浦和実vs上尾
徹底の差
早川、鈴木(琢)の左右2枚看板など昨夏のレギュラーメンバーを多く残す浦和実対2年生の多い上尾との一戦、最後はより徹底の出来ている選手の経験の差が物をいう展開となった。
浦和実・早川が怪我で調整が遅れたことから、先発は安定感のある鈴木琢、上尾はエース菊池が先発する。
浦和実は1回、菊池の立ち上がりを攻め、1番長島(3年)がセンターオーバーの三塁打で出塁すると、2番山口(3年)もセンター前タイムリーで続く。一死後、4番本田(3年)にも三塁線へのタイムリー二塁打が飛び出し、浦和実が2点を先制する。
2回に両チーム1点ずつ奪い合い、迎えた3回。大きくゲームが動く。3回表、この回先頭の9番清水が相手エラーで出塁。ここで上尾・高野監督は、すかさず1番大南の所でバスターの指示を出す。これが見事に決まり、三塁線を抜くヒットとなる。続く大平は送り、上尾は一死二、三塁とチャンスを広げ、今大会も当たっている好打者3番小山を迎える。
浦和実の内野陣は2点リードし、ゲームの序盤だったが、前進守備をとる。この場面で、小山は期待に応え、前進守備のセカンド横を抜けるライト前タイムリーを放つと、4番遠藤もライト前タイムリーで続く。上尾はさらに続く五十嵐のスクイズで4対3と逆転する。
「小山はチャンスでは歩かせると試合前に決めていたのに。あの場面バッテリーに任せてしまったのは僕のミス。(前進守備は)高野監督相手に接戦は嫌だったので、1点も与えたくなかった」と、浦和実・辻川部長もこの場面を振り返るが、その裏、浦和実がすぐに反撃を開始する。

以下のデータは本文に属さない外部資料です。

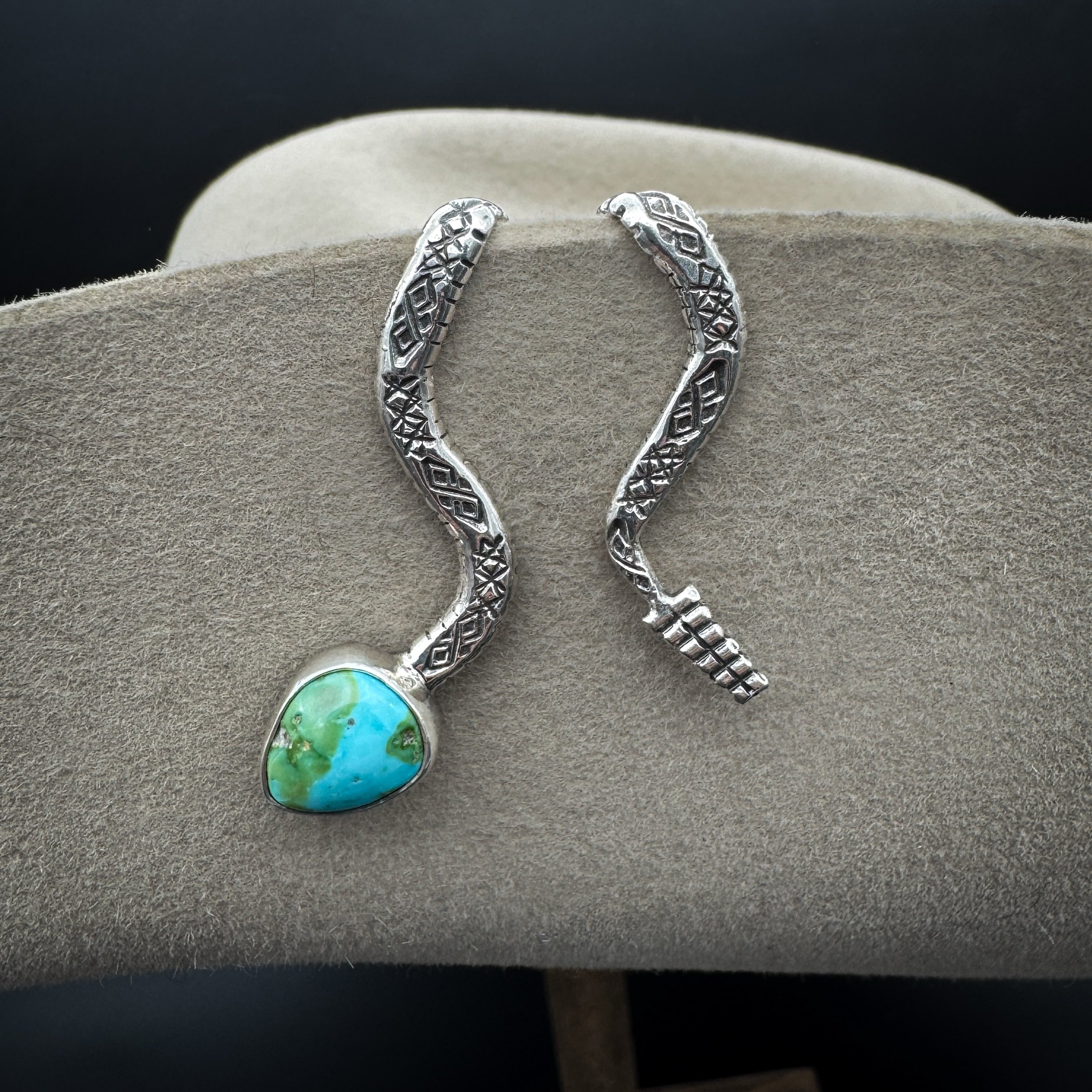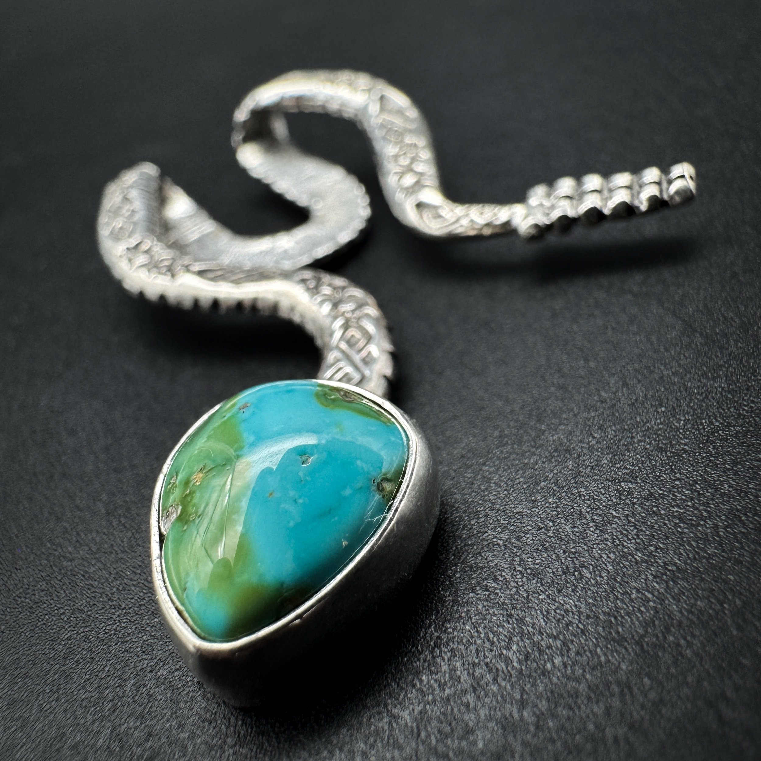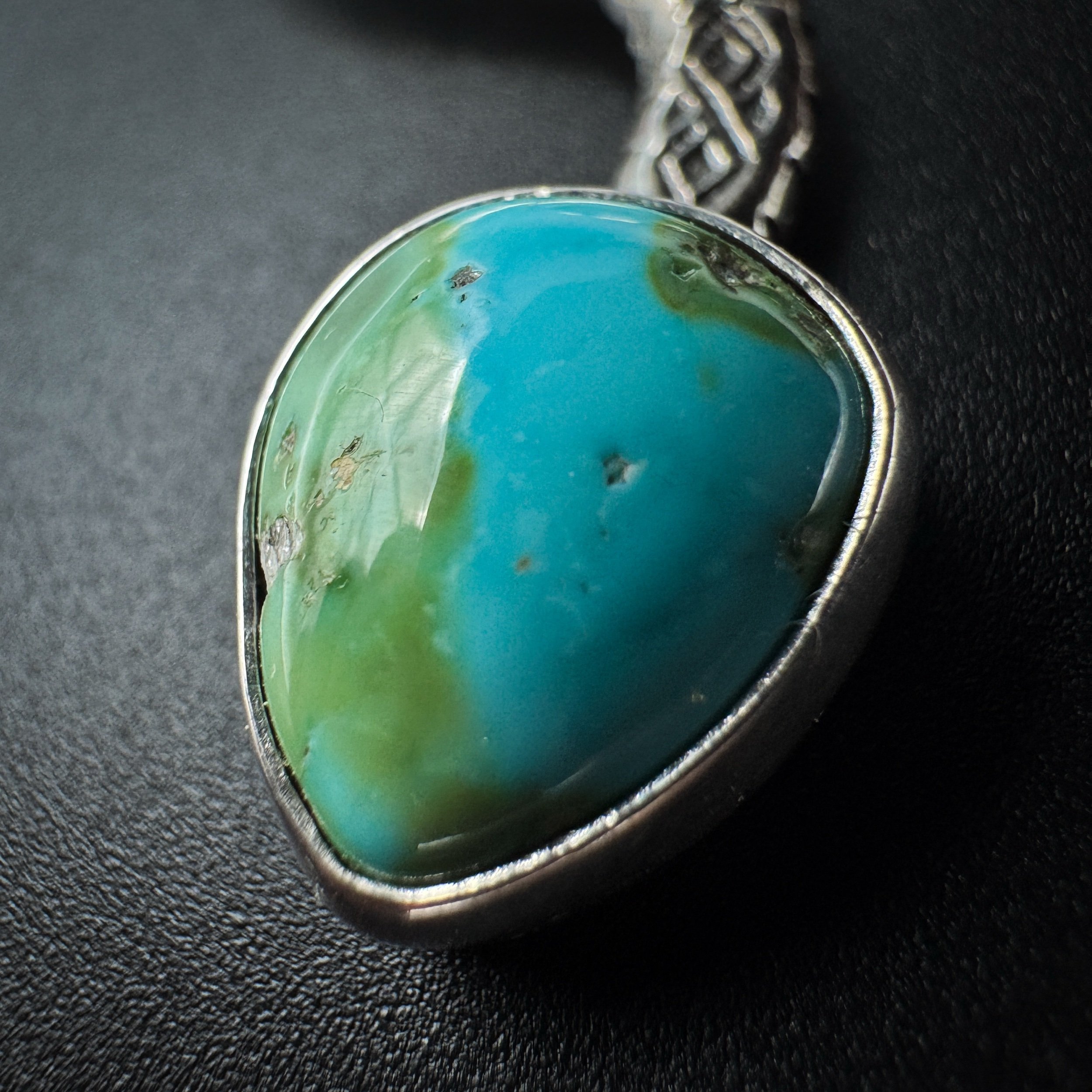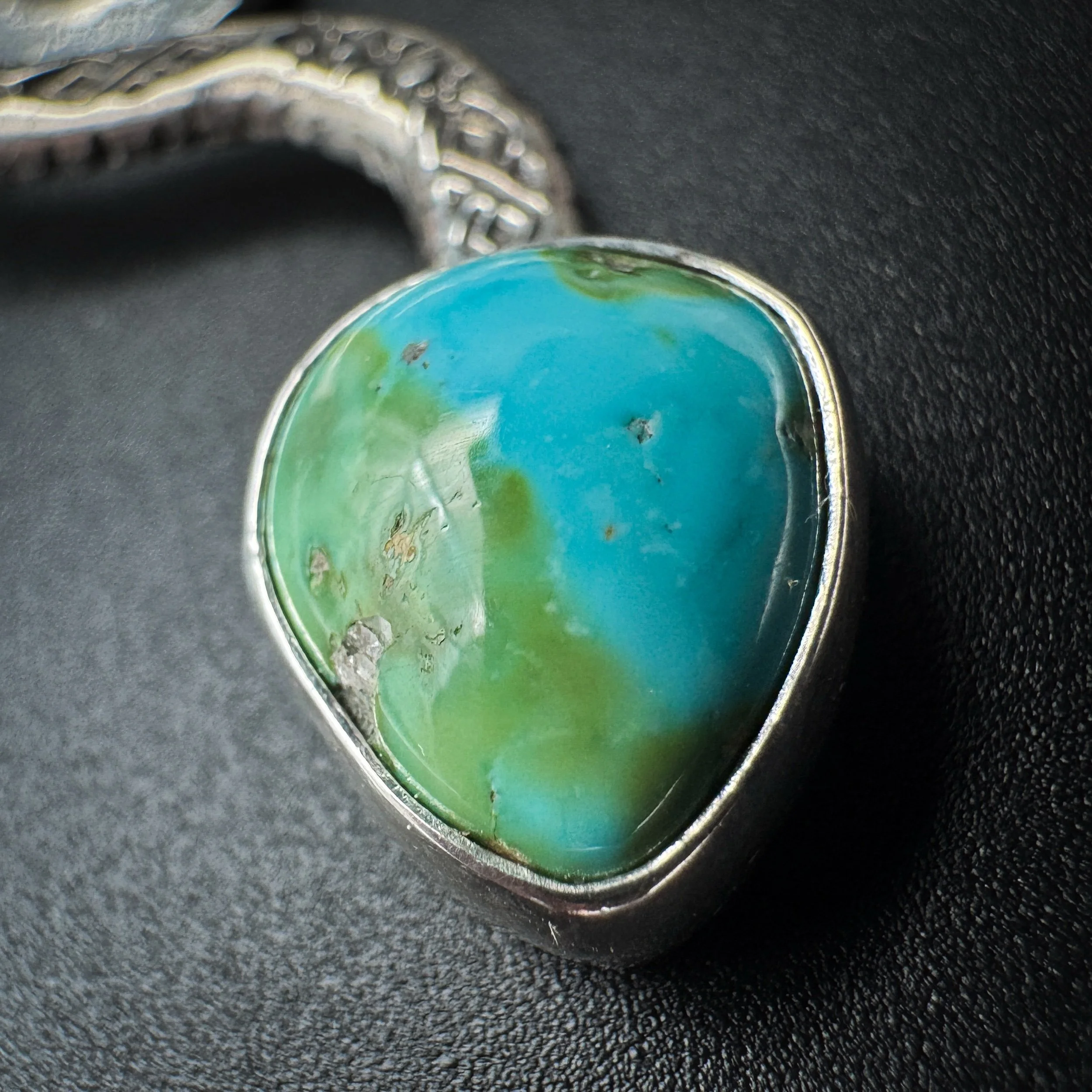 Handmade with solid .925 sterling silver, a .999 fine silver bezel and Sonoran Mountain turquoise. This stone is the perfect mix of blue/green.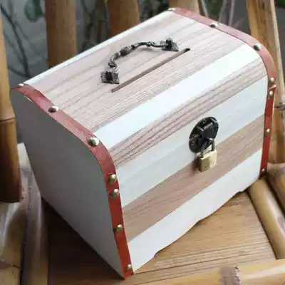 Creative solid wood money deposit box children's money box with lock oversized banknote coin deposit box pine flap safe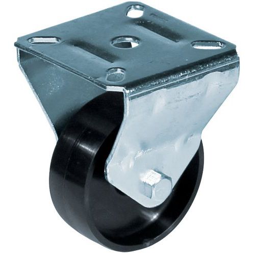 - Roulette fixe avec axe rivé et cadre en tôle d'acier zinguée.

二死一塁から5番岡部のセンターフライをセンター大南が目測を誤り頭を越される。これがタイムリー三塁打となり同点とすると、続く宮口が二死三塁からセーフティーバントを決め1点を勝ち越す。
さらに二死一塁からバントの構えの小兵8番城戸がインコースのストレートを叩くと打球はライトスタンドへ飛び込む2ラン本塁打となる。この城戸の練習試合を含めての初本塁打で7対4と一気に引き離した。

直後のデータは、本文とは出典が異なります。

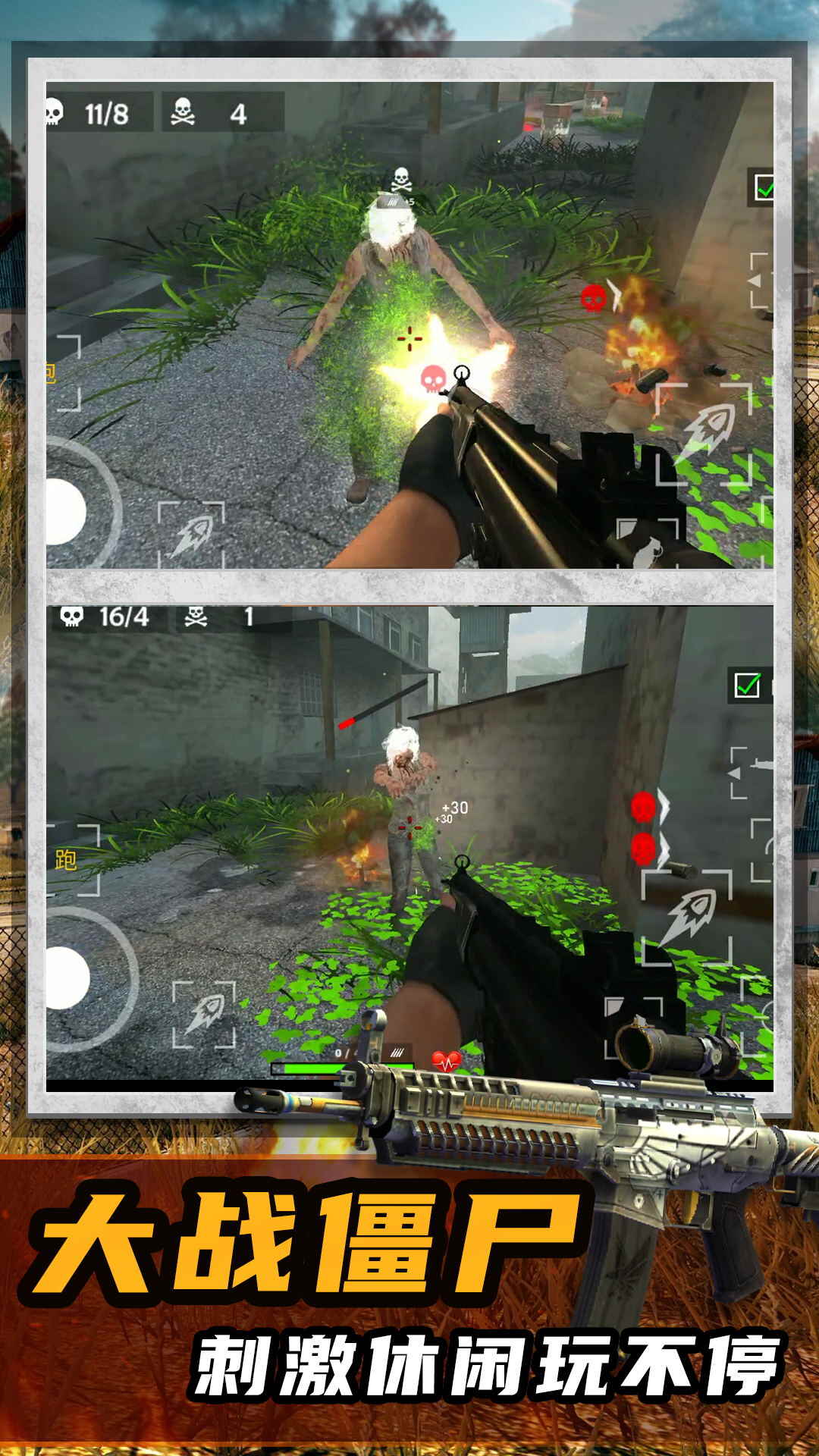 1、绝命射击求生的玩法自由度高,开启多种强力武器,与僵尸对战。

「インコースに投げれば大怪我はしないと思ったが」と菊池はまさかの表情をみせたが、彼ににとっても上尾にとっても大きな一球となった。
試合は序盤の点の取り合いからうって変わり、4回から代わった上尾・五十嵐、浦和実・早川の投げ合いで進む。
上尾打線は早川を打ち崩せず、その後、6回表2番大平のサードへのタイムリー内野安打で1点を返すに留まり、浦和実が7対5で上尾に勝利した。
上尾はあらかじめ早川対策として、打撃投手に左投手を並べイメージを作ってきたが対応仕切れなかった。
試合後、高野監督は、
「もう少し喰らいつきたかった。頂点へ立つためにはまだ力が足りない。守備が重要という所は変わらないが、打撃面でもワンランク上へ上げないと」
とリベンジを誓った。守備面ではある程度計算ができるようになったが、課題は攻撃面にある。
それは、強打の打線に作り変えるというわけではなく、高野監督が常々伝えているように、見極めるボールをきっちり見極めることや、簡単に三振しないようにボールに喰らいついていくことだ。
今チームは、2年生のメンバーが多いチームだけに、打の中心・小山や投の中心・五十嵐、そして守備は山口、清水の二遊間などを中心にもう一度鍛え直していきたいところ。
一方の浦和実だが、相手の地元・[stadium]上尾市民球場[/stadium]ということもあり、4回以降はやや守勢に回ったが、それでも乗り切ってしまうあたりはさすがだった。昨夏のメンバーが多く、経験値の高さをみせるゲームとなった。
「調子は悪くなかった」
と言う上尾の先発菊池に対し、浦和実打線は、ホームベースの近くに立ち、インコースの変化球は捨て、外の球を狙うことを徹底し菊池を攻略した。また、早川は万全ではなかったが、
「うちの選手達は修羅場をくぐっているんで。次の春日部共栄戦は楽しみです」
と辻川部長は不敵な笑みを浮かべた。春日部共栄戦でもこの“徹底”ができている浦和実はやってくれそうだ。